- Richard Bracewell directing The Gigolos.
- Born: 28 November 1969 (age 56) London, England
- Occupations: Director, producer

= Richard Bracewell =

English film director

Richard Bracewell (born 28 November 1969) is an English film director best known for directing 2015 British comedy feature film Bill, which he also developed with writers Laurence Rickard and Ben Willbond. Bill was Bracewell's third feature film following The Gigolos and Cuckoo.

All three films were produced by UK feature film production company Punk Cinema, which Bracewell set up in 2004 with co-producer and brother Tony Bracewell.

==Early life and career==
Bracewell was born in London and was educated at Aylesbury Grammar School and New College, Oxford where he directed, co-wrote and performed in the Oxford Revue in 1991.
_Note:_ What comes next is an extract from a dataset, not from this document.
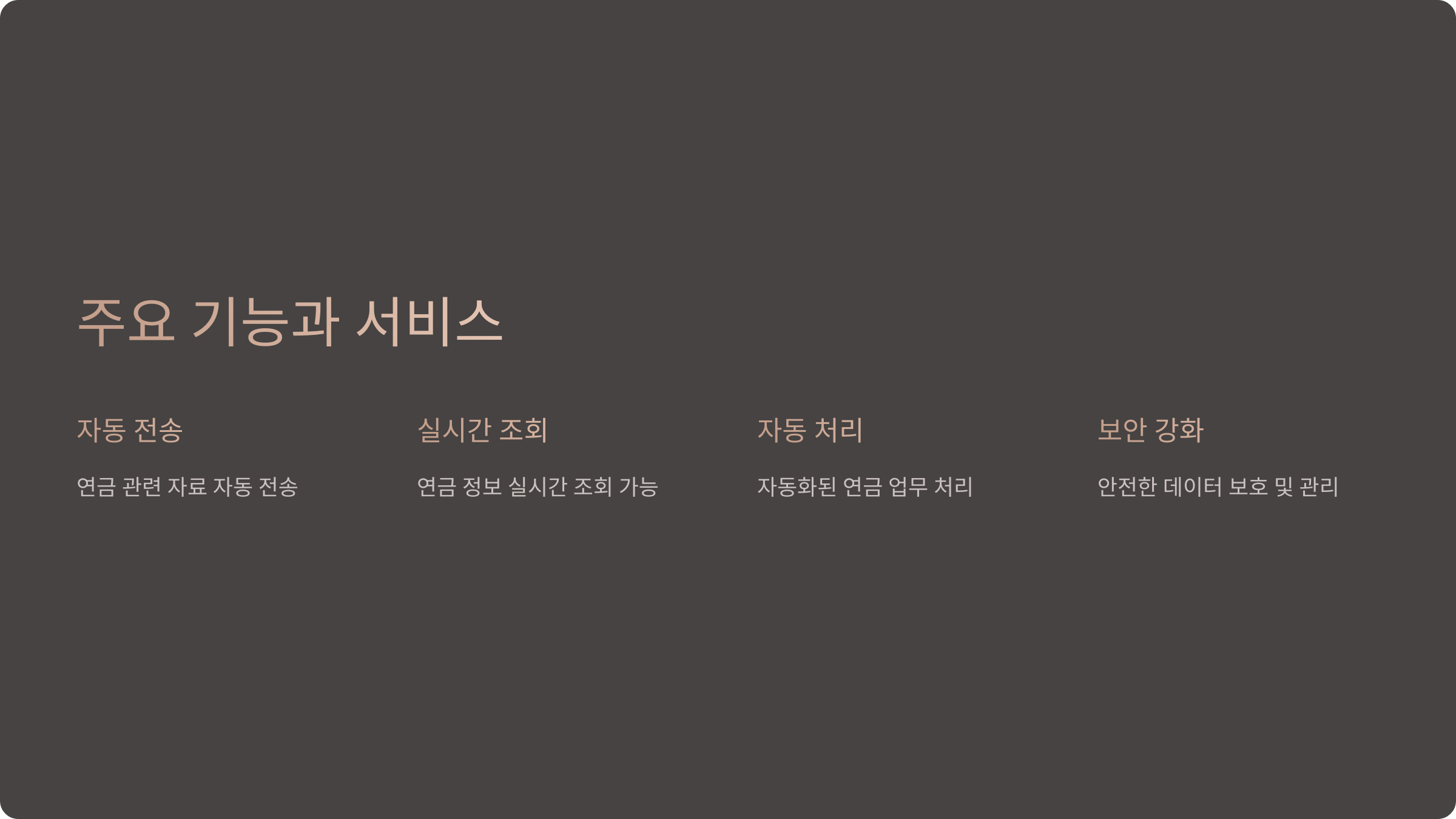 - 온라인 기반의 편리성: 복잡한 서류 작업 없이 모든 국민연금 업무를 인터넷 환경에서 처리할 수 있습니다.
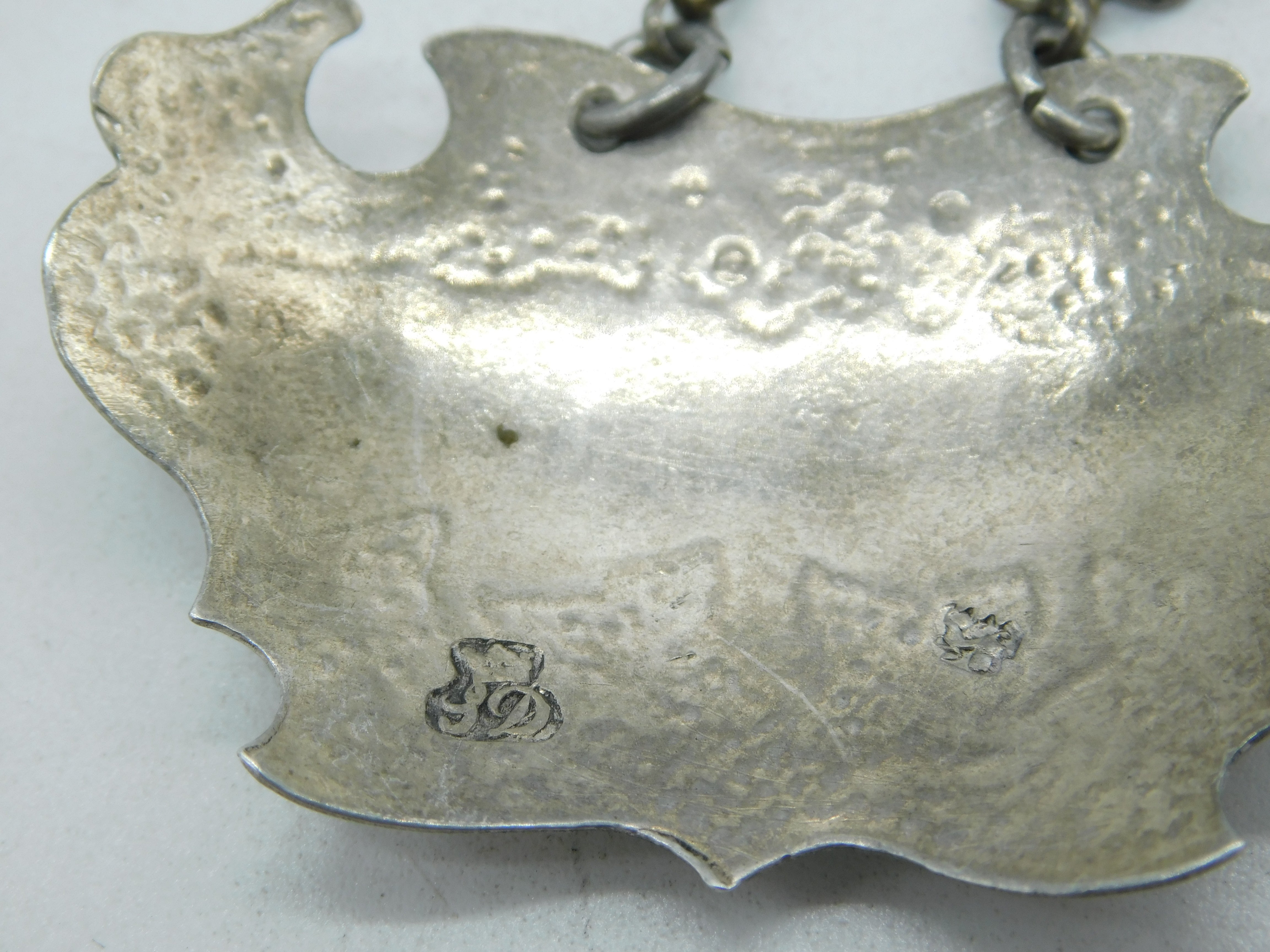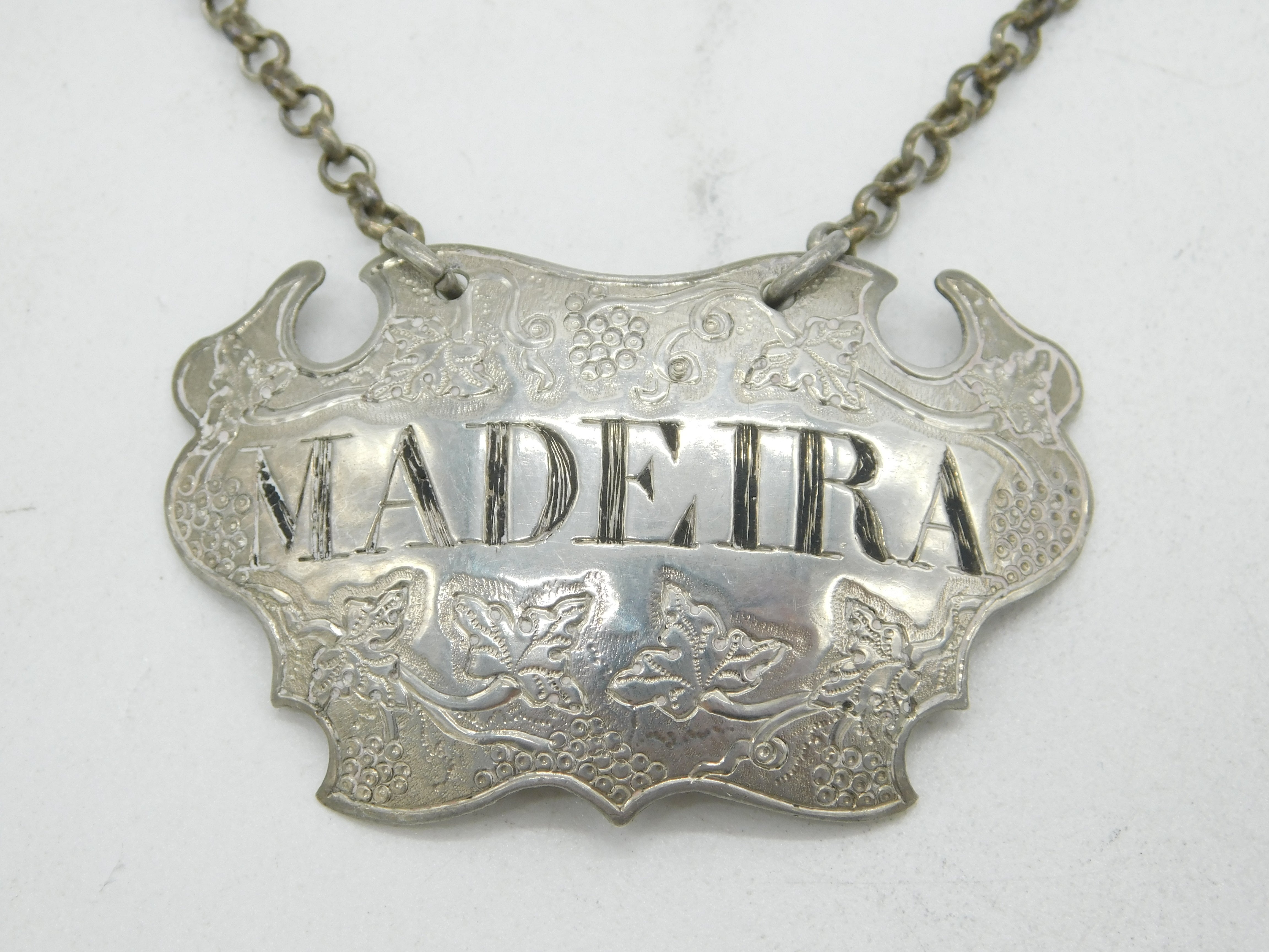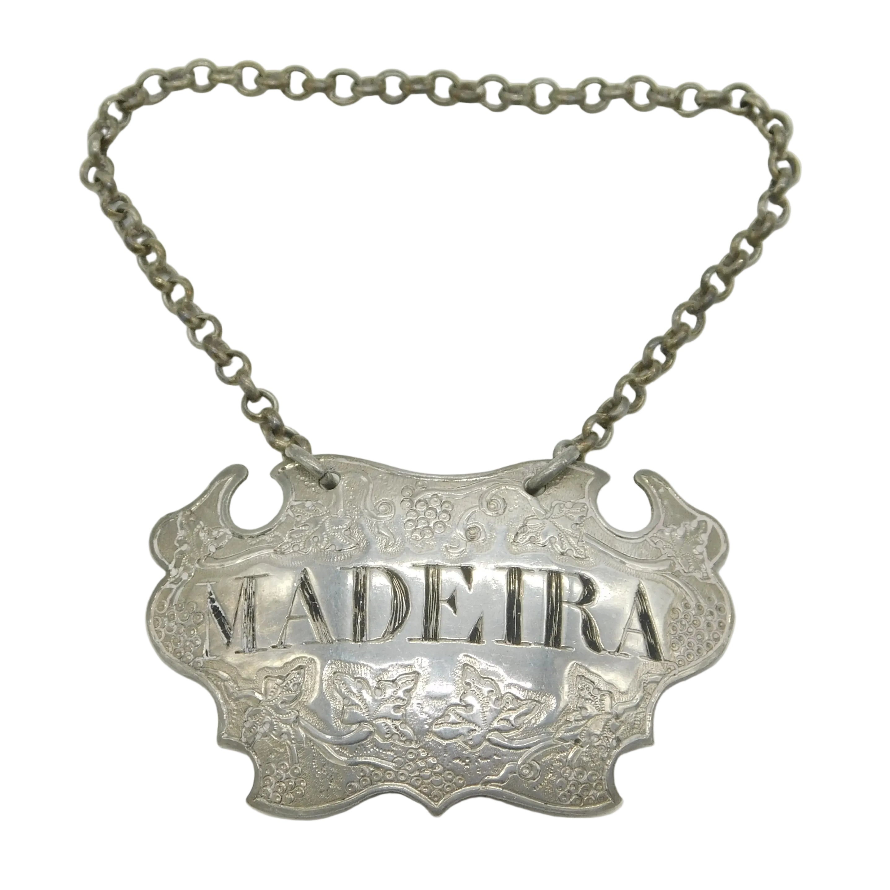 Details: A fantastic and wonderfully designed antique early-georgian sterling silver Madeira decanter label in lovely escutcheon form hallmarked to the reverse by known label maker Sandylands Drinkwater c1745. The labels are hallmarked by important silversmith Sandylands Drinkwater known to be one of the earliest produces of decanter labels beginning in the mid-1720s. These particular labels bear the Drinkwater makers mark dating them to around 1745. This is a wonderful item that would make a perfect gift or addition to any collection. We are more than happy to provide XRF reports for items upon request.

Initially Bracewell made short films with writers such as David Wolstencroft and performers such as Al Murray and directed UK TV comedy including some of Ali G's external segments for The 11 O'Clock Show. Before directing feature films, he also worked as a cinema usher at the Clapham Picture House in London.

==The Gigolos==
Bracewell's debut movie The Gigolos (2007) stars Susannah York, Anna Massey and Siân Phillips alongside newcomers Sacha Tarter and Trevor Sather. Bracewell wrote the film with Tarter and Sather, and directed and produced the film in London (UK) in 2005. He was also cinematographer on the film. The Gigolos had a limited film release by Punk Cinema on 23 March 2007. The British Film Institute released The Gigolos on DVD in the UK on 9 February 2009. First shown in competition at the American Film Institute Los Angeles International Film Festival (AFI FEST) in November 2005, Bracewell attended as one of the New Faces in European Cinema. The film was favourably reviewed by the Los Angeles Timesas "a subtly delightful film".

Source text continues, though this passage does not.